In reality the bumper is not attaced to the background nor are the plates mentioned really part of the actual design. However, the spring tool requires that springs be anchored at both ends. Because of this we will make convenient use of the background to provide one useful anchor, and use the movable plates as the second so that the "bumper" can deflect. The mass of these plates will have an influence on our simulation. Hopefully, if we take these masses to be sufficiently small their influence will be negligible. It is suggested that you use the mass value that the software automatically assigns to a newly created object as this will be many oders of magnitude less that that of the piston.

Repetitively run your simulation, each time varying the value of the spring constant, until you find a value that only allows the piston driver to penetrate the wood by no more than one eighth of an inch. This may turn out to be very tricky because in reality the bumper is very stiff; which means it will take very small time steps to distinguish between necessarily large values of the constant. Perhaps you might want to make a preliminary hand calculation of the constant to get yourself into the right range before running your simulation.
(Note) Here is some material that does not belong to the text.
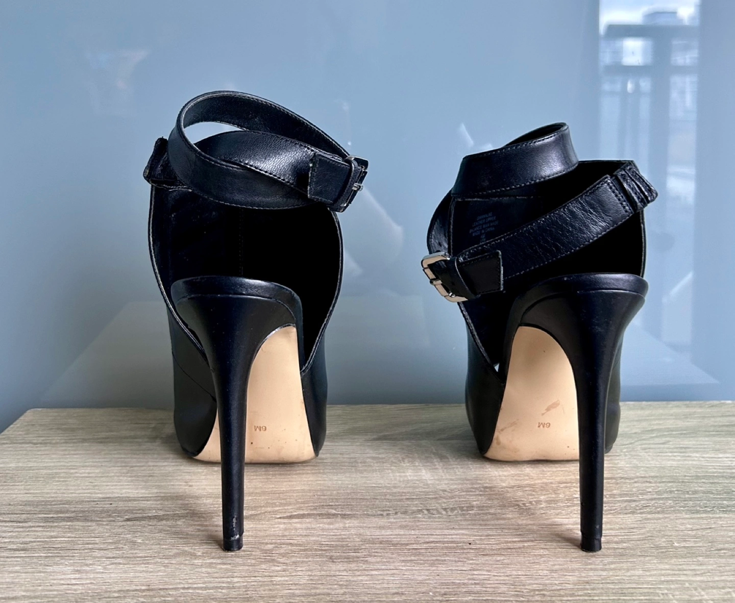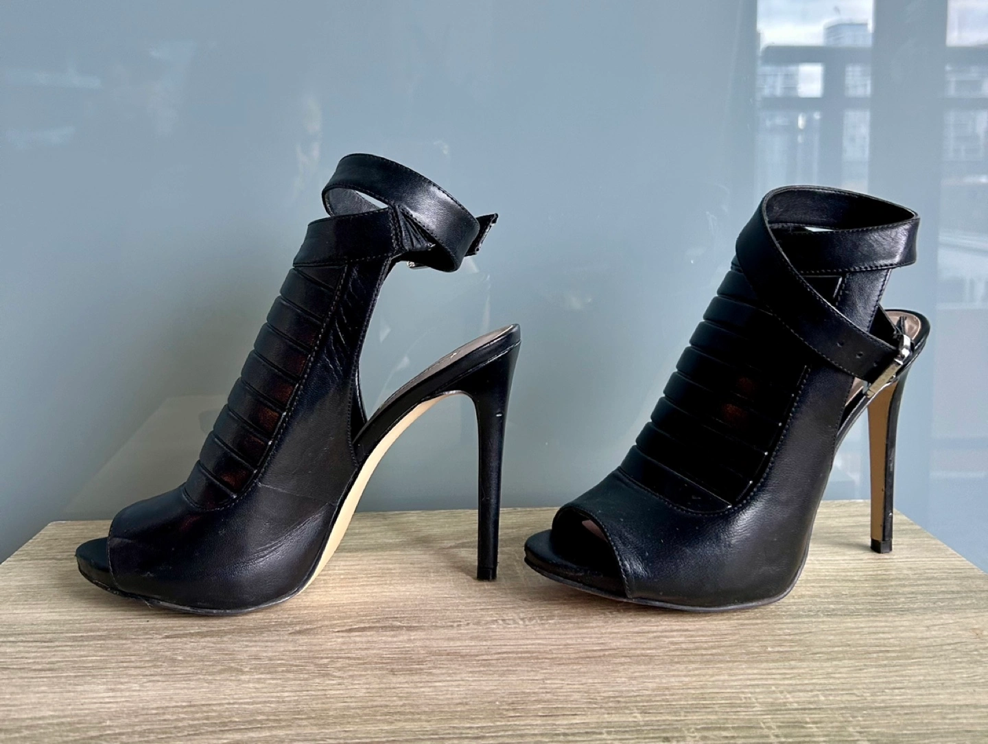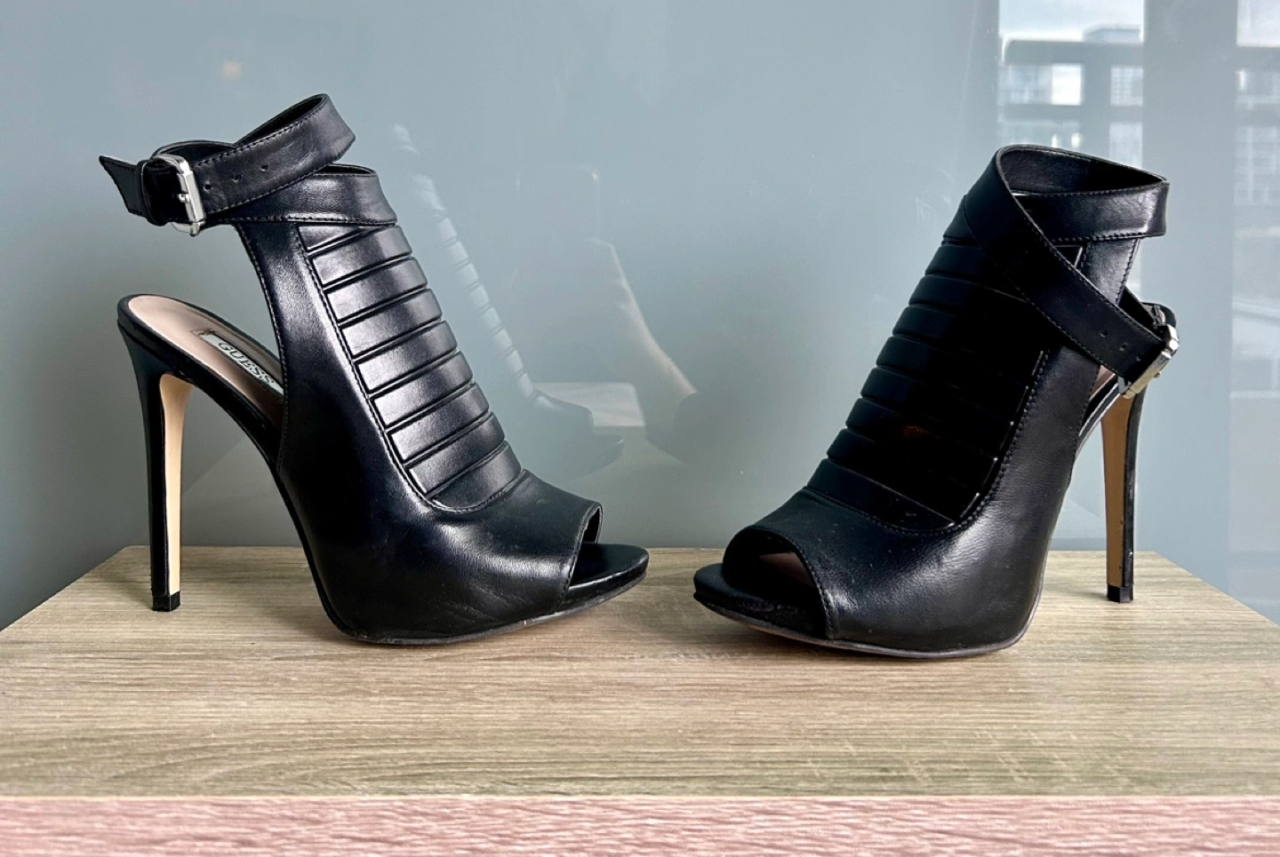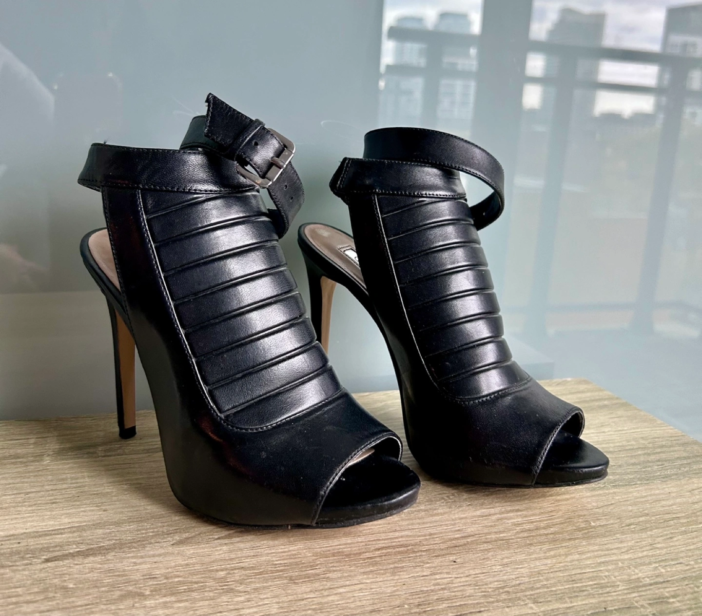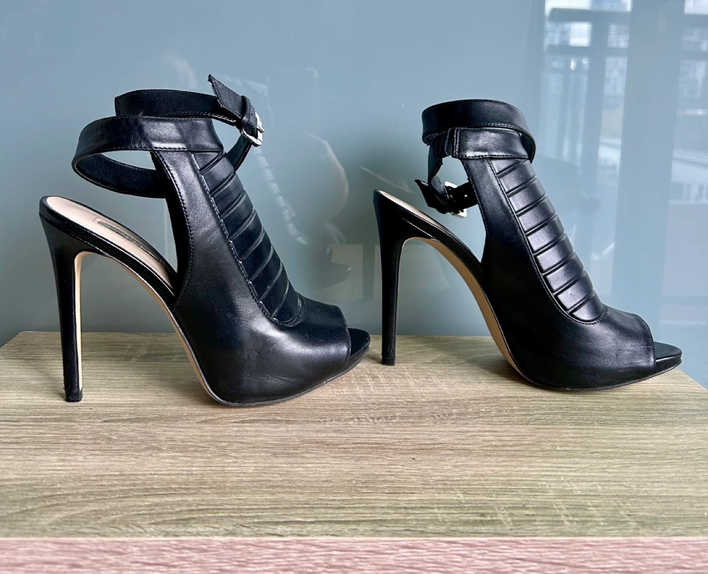 Guess leather gladiator heels! Size 6 ๐ These comfortable, sturdy heels make a statement piece. They make any outfit look hot while worn with jeans, tights, skirts, or dresses etc. Very versatile look and can be worn casual or dressed up.

**Summary of Problem Requirements:**

- You are to create a Working Model simulation of the device's piston, and a nail which is to penetrate a piece of wood. From this you are to determine the average force necessary to drive the piston so as to set the nail with its head just at the surface of the wood. If the force acting on the nail as it penetrates the wood varies in the range of say +- 20% by how much will the force driving the piston have to vary? Also, knowing the time necessary to drive the nail and the stroke volume of the piston compute the necessary volume flow rate of air.
- Use EXCEL to make a plot of equation (4). From this determine the appropriate size of accumulator volume corresponding to the required average force found in the first part of this problem.
- Create a second Working Model simulation, by modifying the first, to evaluate the required performance characteristics of the energy absorbing safety bumper which is part of the devices design. Determine the "spring constant" of the bumper material if you model it as a parabolic nonlinear spring, and require that the piston driver not penetrate the wood surface by more than one eighth of an inch if the device is fired accidentally when no nail is present.

Note: While executing the above simulations you should display some output meters that plot the kinetic energy and the momentum of components of the system. Think about what these show and how they relate to the principles of work - energy and impulse - momentum. Working model is not using these to solve the problem but you might. How? (You need not hand in an answer to this question so don't worry.)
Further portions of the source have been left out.